Individuals living in neighborhoods conducive to physical activity and providing access to healthy foods may have a lower risk of developing type 2 diabetes in a five-year period, according to a report in the October 12 issue of Archives of Internal Medicine, one of the JAMA/Archives journals.

"The worldwide epidemic of type 2 diabetes mellitus is largely driven by the combined rise in obesity, intake of energy-dense or nutrient-poor foods and physical inactivity," the authors write as background information in the article. Interventions to reduce risk on the individual level-including surgery, medication and behavior change-have had mixed results. Large-scale behavior change may be necessary to reverse the diabetes epidemic, but such a change is difficult to achieve and may be unsustainable if the surrounding environment is not supportive.




Amy H. Auchincloss, Ph.D., M.P.H., of Drexel University School of Public Health, Philadelphia, and colleagues studied 2,285 adults age 45 to 84 who were initially examined between 2000 and 2002. Study participants were from three of the sites in the Multi-Ethnic Study of Atherosclerosis (MESA) for which neighborhood level data were obtained: Baltimore; Forsyth County, N.C.; and New York City/Bronx. Blood glucose levels were obtained from study participants at baseline and at three follow-up examinations, during which other individual characteristics also were assessed (including diet, body mass index [BMI] and physical activity levels).

Measures of neighborhood resources were obtained from a separate assessment, the Community Survey, in which other residents of the same neighborhoods (defined as the area within a 20-minute walk or a mile from their homes) rated the suitability of their environment for physical activity and access to healthy foods. For instance, they were asked if it was pleasant or easy to walk in their neighborhood, and whether a large, high-quality selection of fruits, vegetables and other low-fat foods was available. Scores for physical activity and healthy foods were calculated for each neighborhood on scales of one to five (with five representing the healthiest areas).

Over a median (midpoint) of five years of follow-up, 233 of the 2,285 participants (10.2 percent) developed diabetes. Average neighborhood scores were 3.68 for physical activity and 3.36 for healthy foods.

"Better neighborhood resources, determined by a combined score for physical activity and healthy foods, were associated with a 38 percent lower incidence of type 2 diabetes," the authors write. This was similar to the reduction in risk observed among individuals whose BMI was five points lower. "The association remained statistically significant after further adjustment for individual dietary factors, physical activity level and body mass index."
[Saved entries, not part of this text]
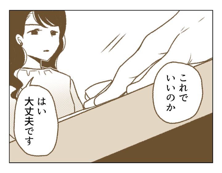 ヒデキさんはアカリさんからの絶縁宣言を受け入れました。そして相変わらず何も言わないミサトさん。本当にいいんですか? 娘と二度と会えなくなってしまうかもなんですよ? でもきっとミサトさんは、そんなことを言われたとしてもどこか他人事で済ませてしまうのでしょう。アカリさんのことを「冷たい人間」だと言い切るヒデキさん。どっちが? という突っ込みは今は置いておいて、アカリさんは最後に両親に伝えたいことはあるのでしょうか?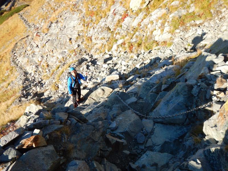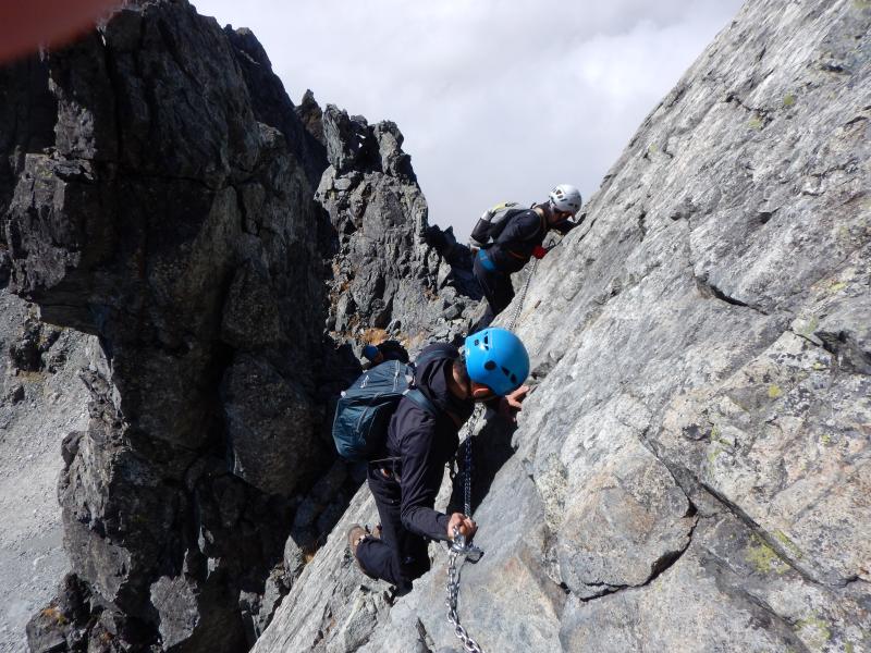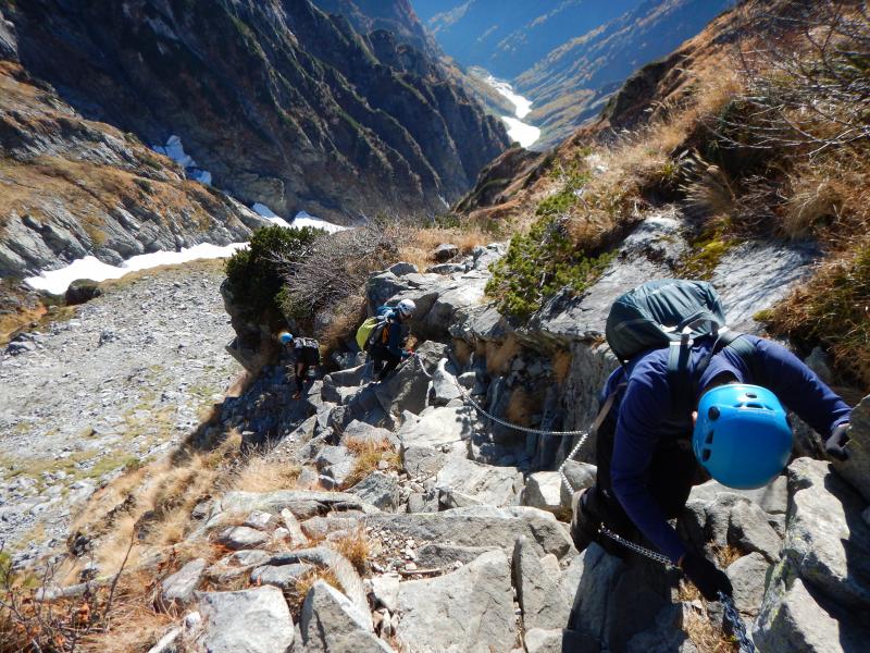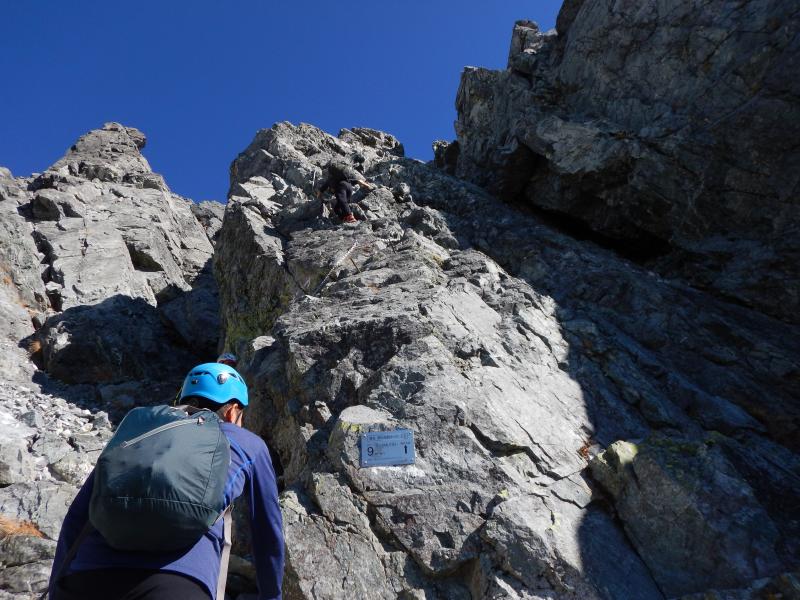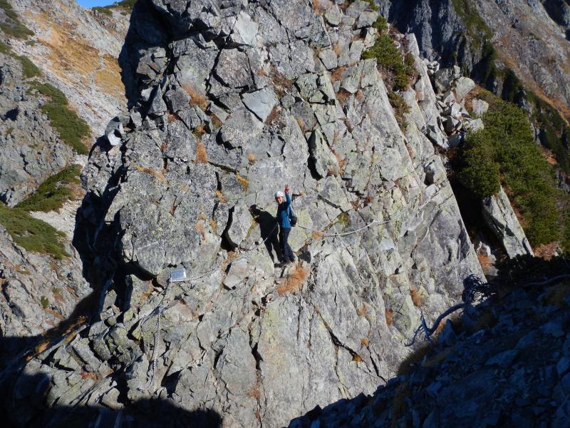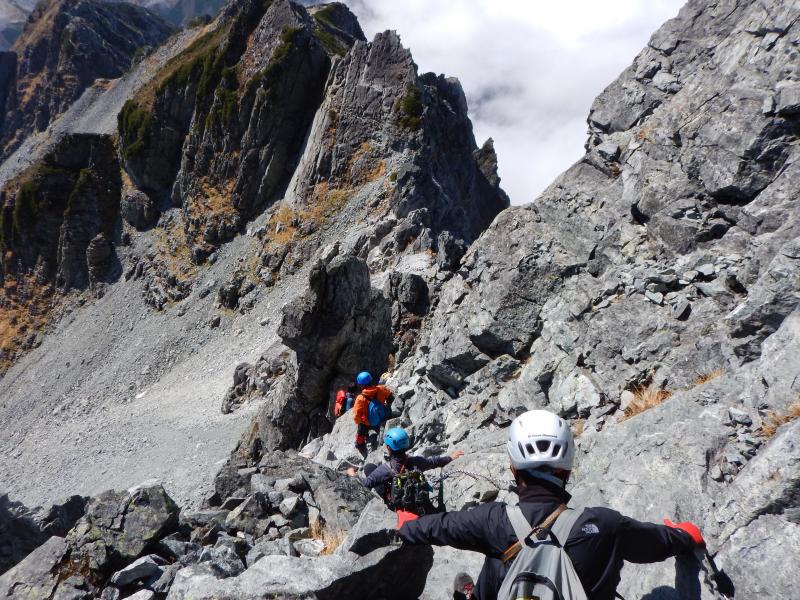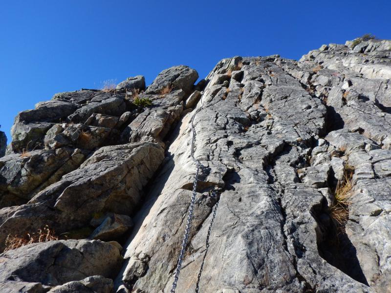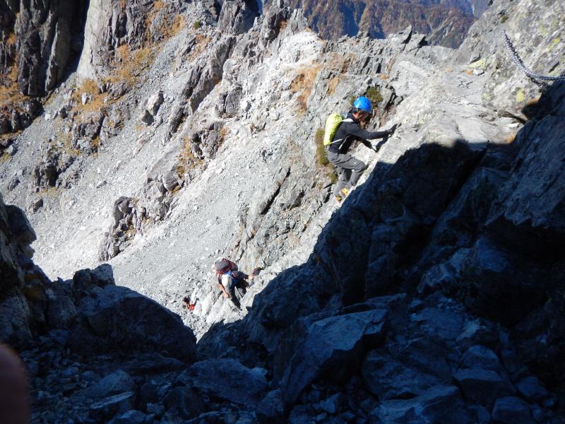 危険個所 剱岳の登山中は常に緊張を強いられます。鎖や杭などの補助も多いので見た目の難易度よりも安心して通過できるところもありますが、カニのたてばいや横ばいなどのさらに危険性の高いところでは、ハーネスか簡易ハーネスを使用して通過するのが好ましいです。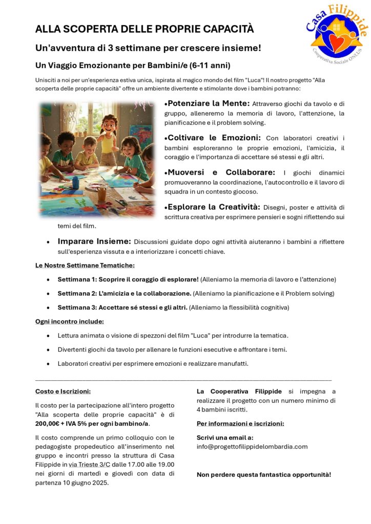 Sarà un’esperienza speciale che guiderà i bambini alla scoperta delle proprie capacità emotive e creative.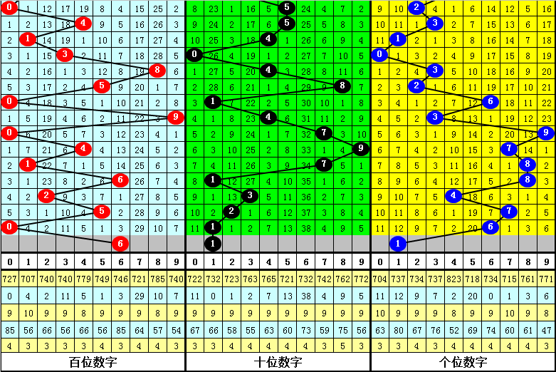 百位:当前遗漏最大的号码为7,遗漏29期,历史上该号最大遗漏为64期,本期百位继续排除号码7。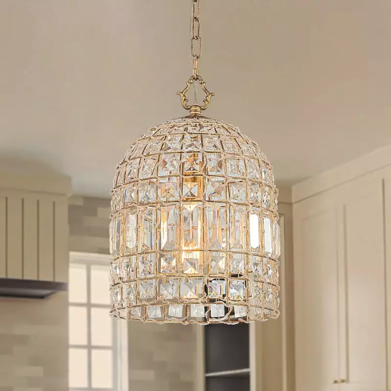 Classic and elegant, this three-headed crystal chandelier features a birdcage-like metal frame inlaid with crystal beads. Brilliant-cut crystals are set between the grids of the lantern-style shade, maximizing the refraction and reflection of light. Hundreds of hand-strung clear glass beads adorn the frame, creating a chill winter vibe.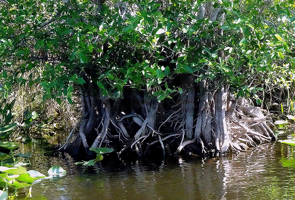 We went down a side canal that was lined with grass and very pretty trees growing in clumps with above ground roots reaching into the water, which we think are mangroves.

The increasing prevalence of type 2 diabetes in the past 30 years makes it urgent to identify environmental features that may mitigate risk, the authors conclude. "Current efforts to foster health-promoting environments include designing and modifying physical environments, such as zoning residential neighborhoods to require safe sidewalks, creating parks and attractive public green spaces and improving public transportation so that residents rely less on their cars; supporting fresh-food farmers' markets in low-income, urban neighborhoods; and assisting stores in those neighborhoods in improving their selection of healthy foods," they write.

"There is unlikely to be a panacea for the obesity epidemic and rising epidemic of type 2 diabetes. However, altering our environments so that healthier behaviors and lifestyles can be easily chosen may be one of the key steps in arresting and reversing these epidemics."